─── Supplied entries
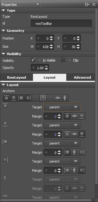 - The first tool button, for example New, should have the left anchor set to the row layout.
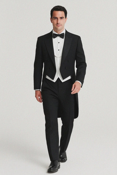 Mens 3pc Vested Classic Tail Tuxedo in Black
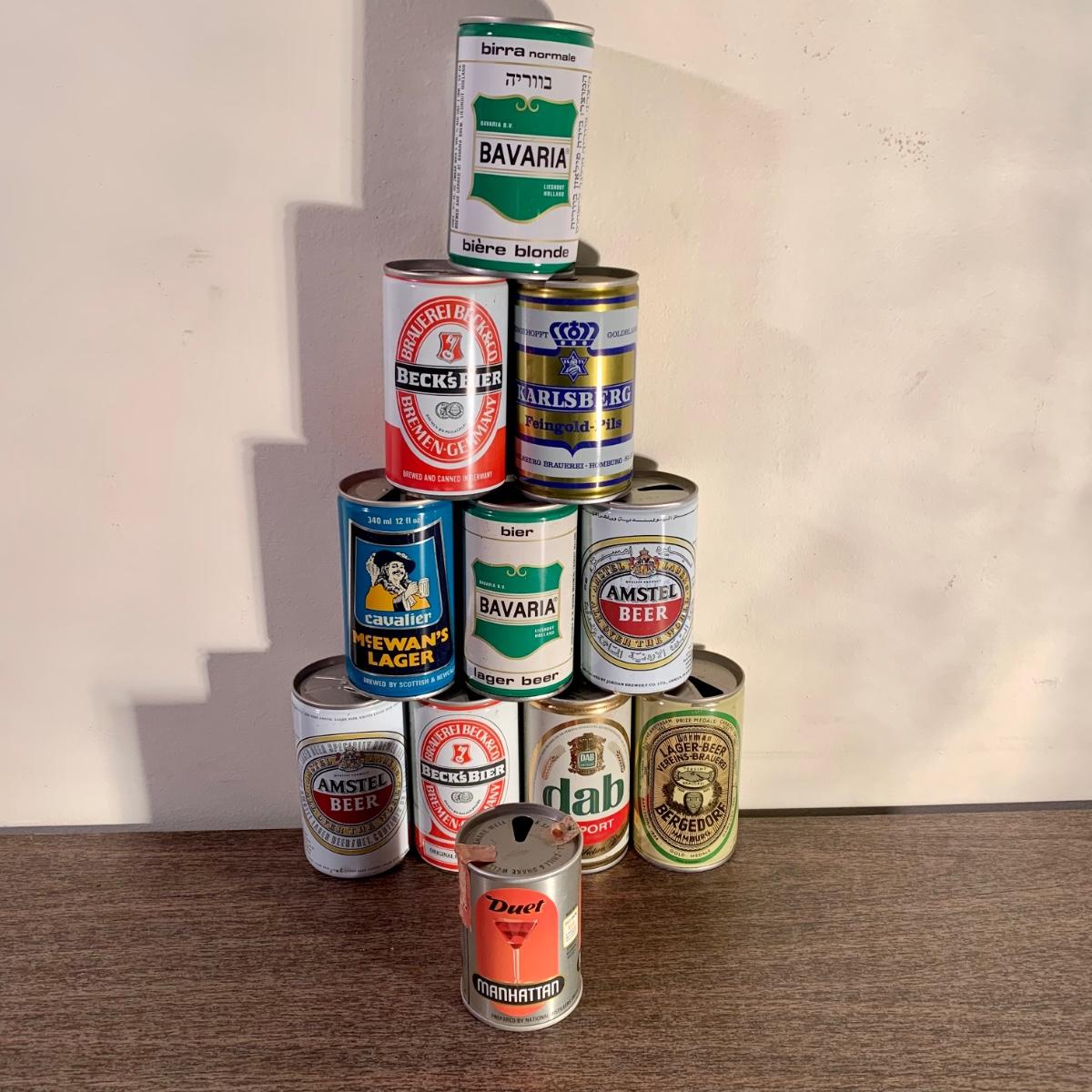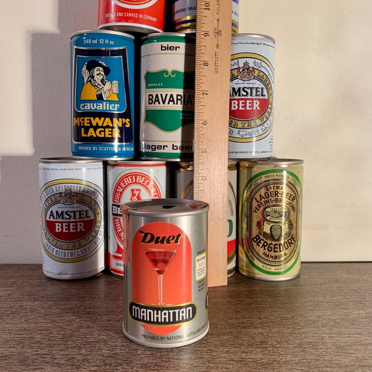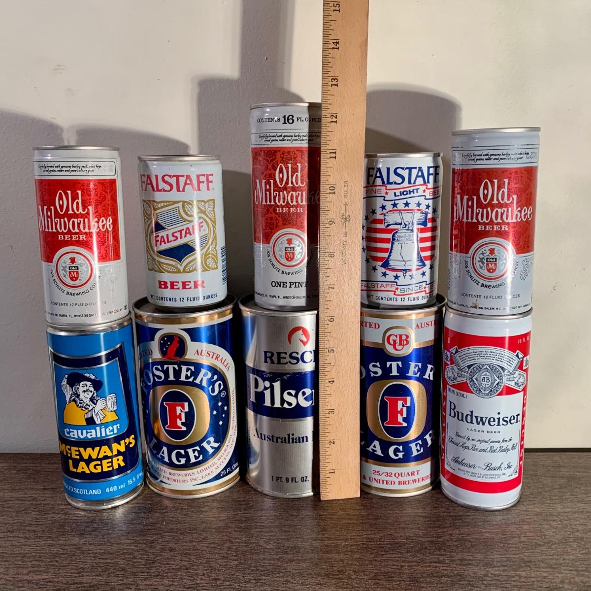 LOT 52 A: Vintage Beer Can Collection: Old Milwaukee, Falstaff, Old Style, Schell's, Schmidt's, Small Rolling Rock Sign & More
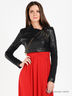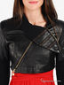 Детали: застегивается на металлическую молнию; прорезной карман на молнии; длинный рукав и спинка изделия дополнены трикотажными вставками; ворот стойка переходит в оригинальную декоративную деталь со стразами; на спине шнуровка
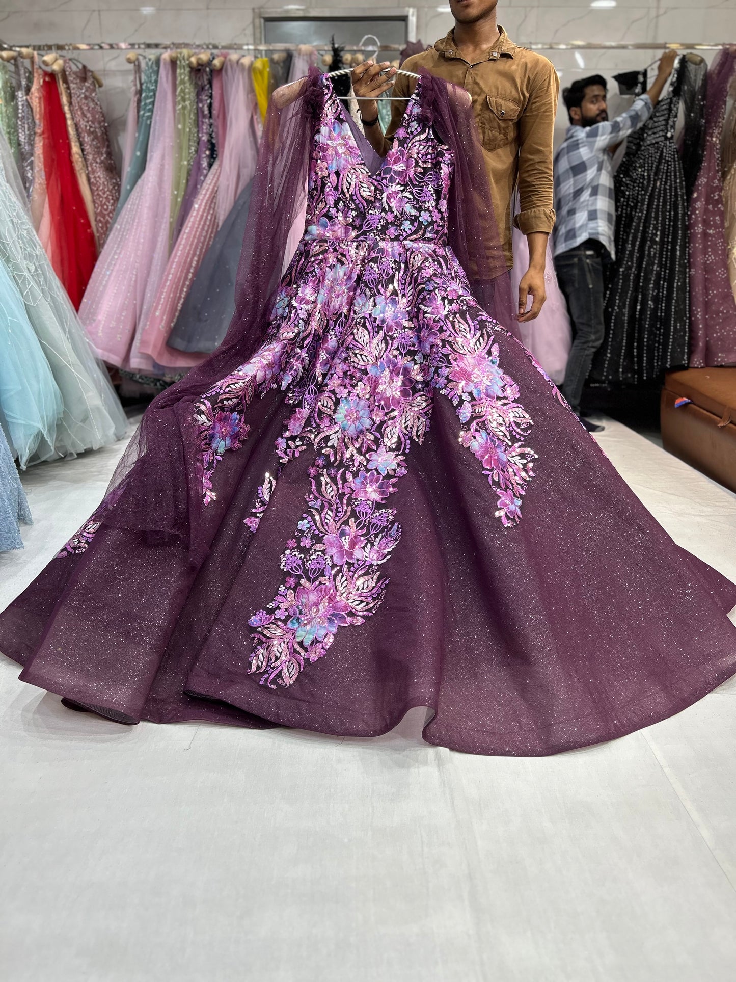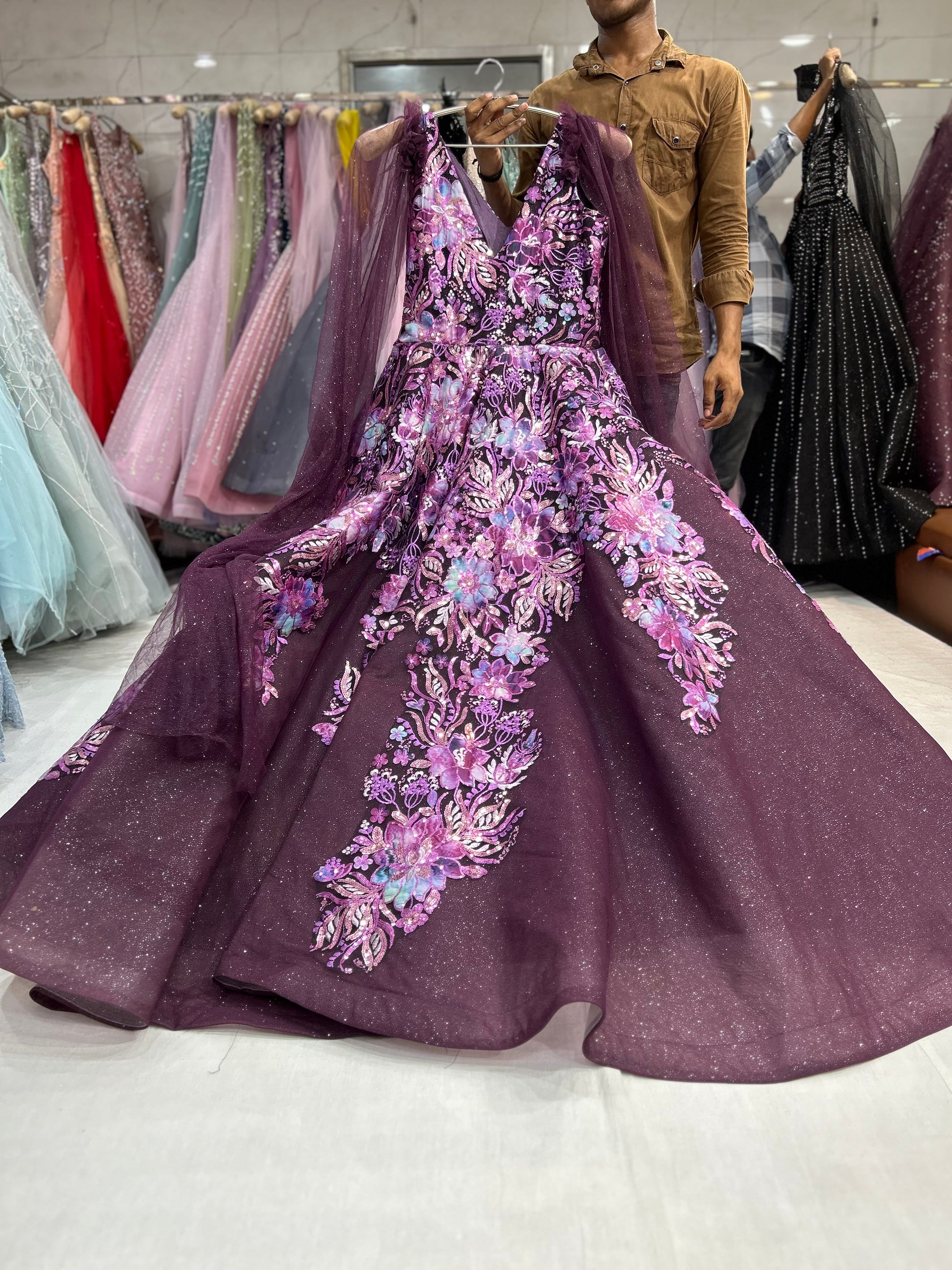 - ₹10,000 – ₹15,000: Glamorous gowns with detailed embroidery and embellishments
──────
Exercise details: All that belongs in the answer is the exact run of lines from the line containing "LOT 52 A: Vintage" to the end of the listing above, pictures removed.

Response to the task:
 LOT 52 A: Vintage Beer Can Collection: Old Milwaukee, Falstaff, Old Style, Schell's, Schmidt's, Small Rolling Rock Sign & More
 Детали: застегивается на металлическую молнию; прорезной карман на молнии; длинный рукав и спинка изделия дополнены трикотажными вставками; ворот стойка переходит в оригинальную декоративную деталь со стразами; на спине шнуровка
 - ₹10,000 – ₹15,000: Glamorous gowns with detailed embroidery and embellishments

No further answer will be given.